═══ Supplied data ═══

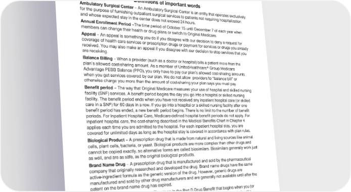 2024 Evidence of Coverage for UnitedHealthcare® Group Medicare Advantage PEBB Balance (PPO) Chapter 12: Definitions of important words 249 Chapter 12 Definitions of important words Ambulatory Surgical Center – An Ambulatory Surgical Center is an entity that operates exclusively for the purpose of furnishing outpatient surgical services to patients not requiring hospitalization and whose expected stay in the center does not exceed 24 hours. Annual Enrollment Period –The time period of October 15 until December 7 of each year when members can change their health or drug plans or switch to Original Medicare. Appeal – An appeal is something you do if you disagree with our decision to deny a request for coverage of health care services or prescription drugs or payment for services or drugs you already received. You may also make an appeal if you disagree with our decision to stop services that you are receiving. Balance Billing – When a provider (such as a doctor or hospital) bills a patient more than the plan’s allowed cost-sharing amount. As a member of UnitedHealthcare® Group Medicare Advantage PEBB Balance (PPO), you only have to pay our plan’s allowed cost-sharing amounts when you get services covered by our plan. We do not allow providers to “balance bill” or otherwise charge you more than the amount of cost-sharing your plan says you must pay. Benefit period – The way that Original Medicare measures your use of hospital and skilled nursing facility (SNF) services. A benefit period begins the day you go into a hospital or skilled nursing facility. The benefit period ends when you have not received any inpatient hospital care (or skilled care in a SNF) for 60 days in a row. If you go into a hospital or a skilled nursing facility after one benefit period has ended, a new benefit period begins. There is no limit to the number of benefit periods. For Inpatient Hospital Care, Medicare-defined hospital benefit periods do not apply. For inpatient hospital care, the cost-sharing described in the Medical Benefits Chart in Chapter 4 applies each time you are admitted to the hospital. For each inpatient hospital stay, you are covered for unlimited days as long as the hospital stay is covered in accordance with plan rules. Biological Product – A prescription drug that is made from natural and living sources like animal cells, plant cells, bacteria, or yeast. Biological products are more complex than other drugs and cannot be copied exactly, so alternative forms are called biosimilars. Biosimilars generally work just as well, and are as safe, as the original biological products. Brand Name Drug – A prescription drug that is manufactured and sold by the pharmaceutical company that originally researched and developed the drug. Brand name drugs have the same active-ingredient formula as the generic version of the drug. However, generic drugs are manufactured and sold by other drug manufacturers and are generally not available until after the patent on the brand name drug has expired. Catastrophic Coverage Stage – The stage in the Part D Drug Benefit that begins when you (or other qualified parties on your behalf) have spent $8,000 for Part D covered drugs during the covered year. During this payment stage, the plan pays the full cost for your covered Part D drugs. You pay nothing. Centers for Medicare & Medicaid Services (CMS) – The Federal agency that administers Medicare.
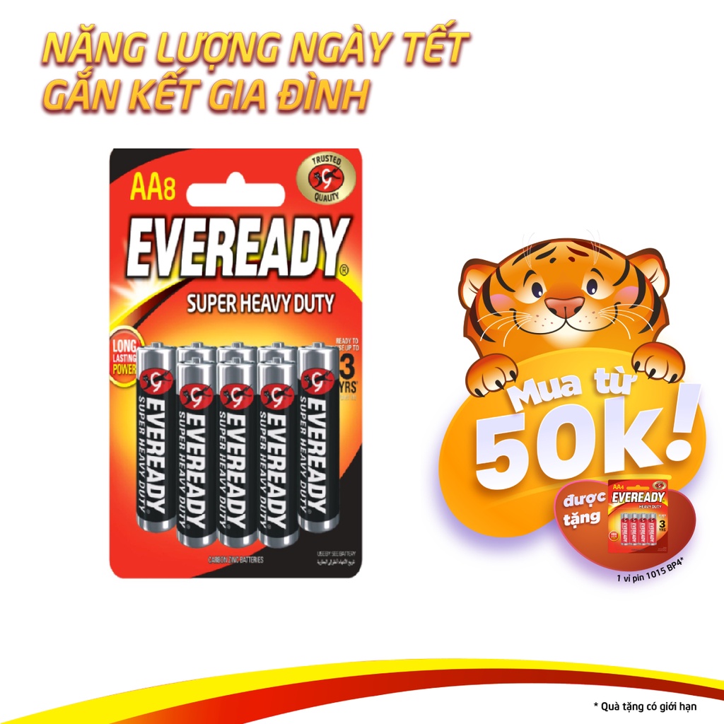 Tên sản phẩm: PIN EVEREADY SUPER HEAVY DUTY 1215 BP8 AASố lượng: 8 viên.
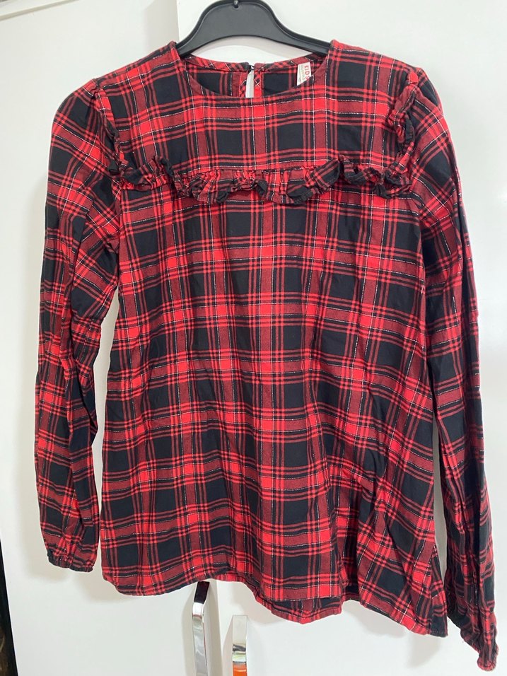 Kırmızı kareli, uzun kollu ve fırfırlı detaylı kadın bluz. Salaş kesimi ve yuvarlak yaka ile rahat bir görünüm sunar.
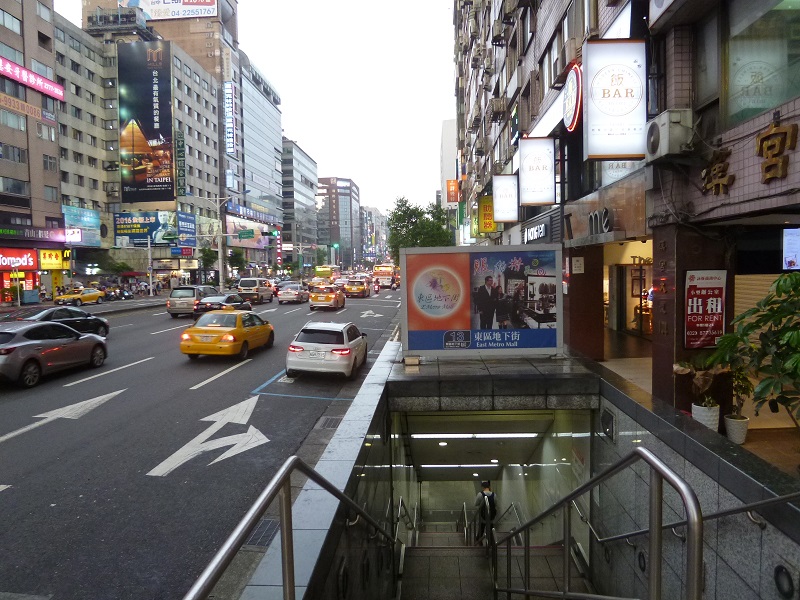 忠孝東路は、市政府駅を東に超えると五段となります。右手が統一阪急百貨店や信義新天地です。
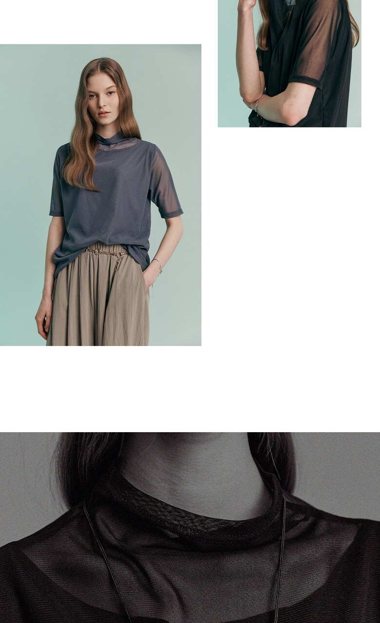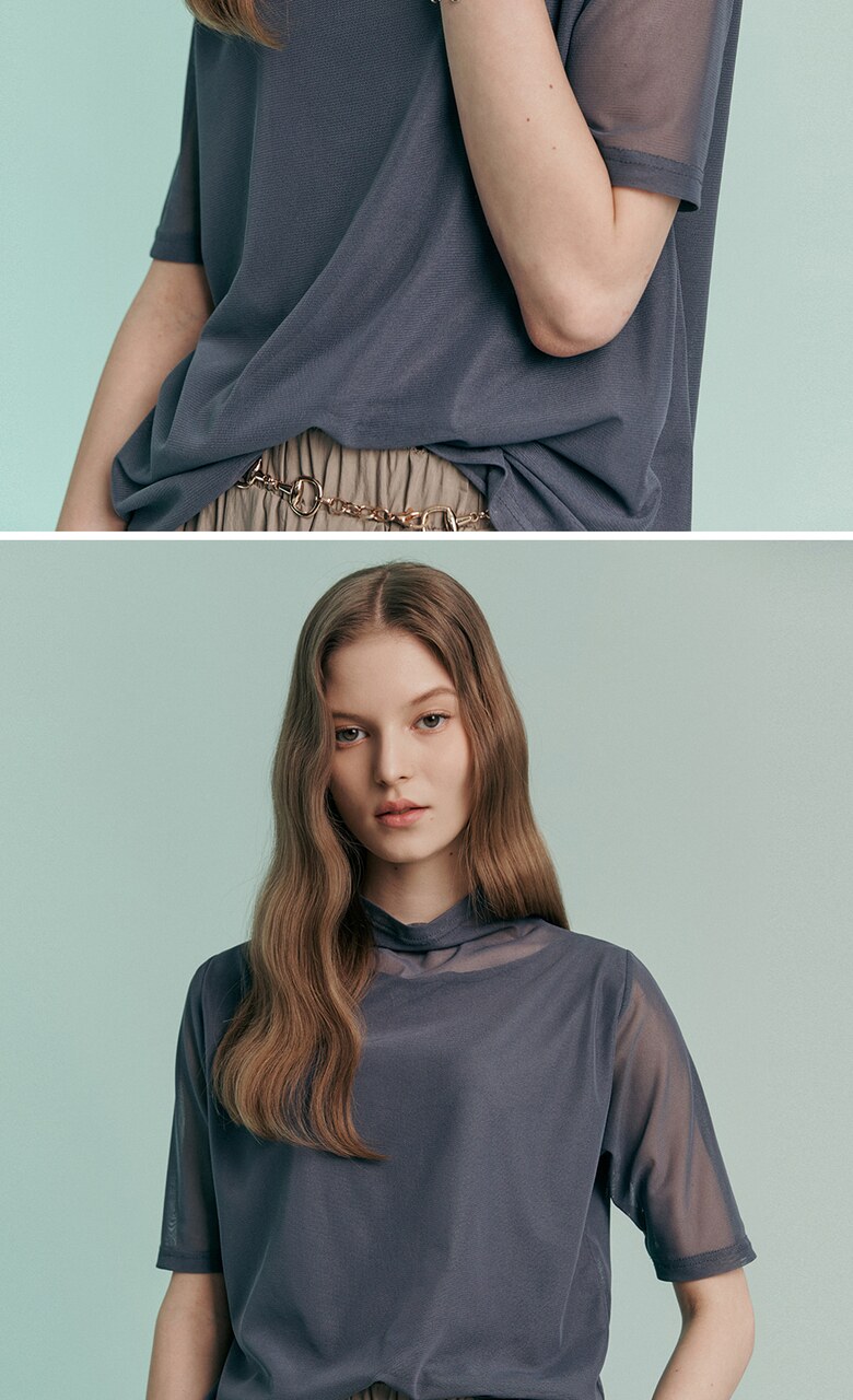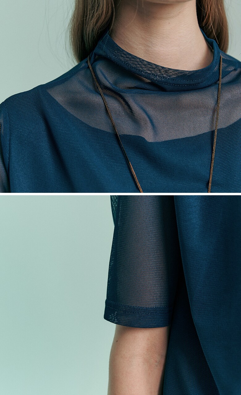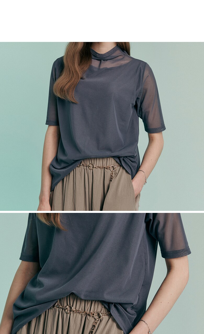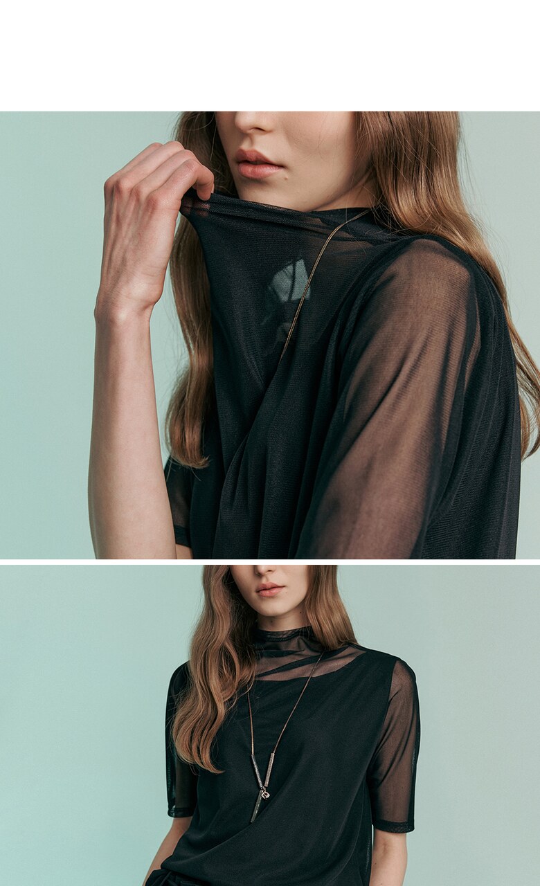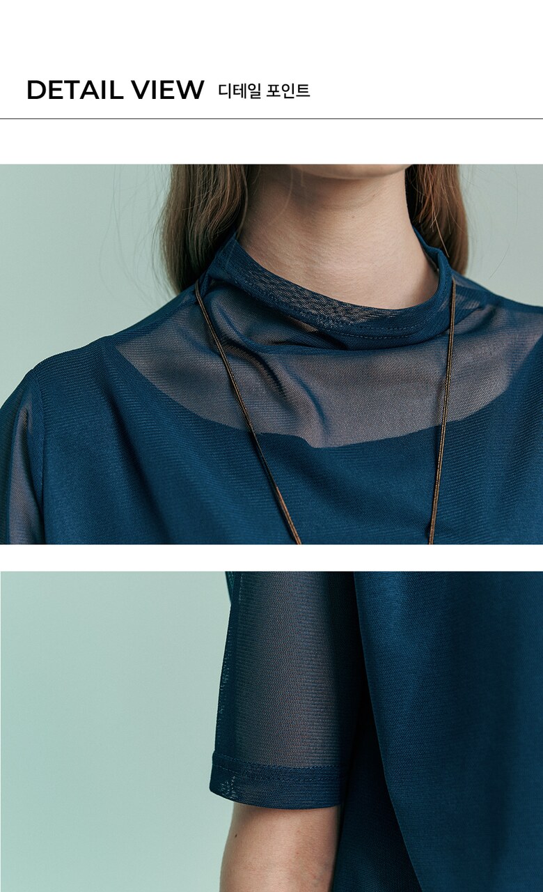 반하이넥 시스루 레이어드 반팔 티셔츠

═══

▶ Work item: Could you give again precisely the lines from the one containing "Tên sản phẩm: PIN" through the final line of the material above, both included, and no others, dropping the pictures?

▶ Reply to the task:
 Tên sản phẩm: PIN EVEREADY SUPER HEAVY DUTY 1215 BP8 AASố lượng: 8 viên.
 Kırmızı kareli, uzun kollu ve fırfırlı detaylı kadın bluz. Salaş kesimi ve yuvarlak yaka ile rahat bir görünüm sunar.
 忠孝東路は、市政府駅を東に超えると五段となります。右手が統一阪急百貨店や信義新天地です。
 반하이넥 시스루 레이어드 반팔 티셔츠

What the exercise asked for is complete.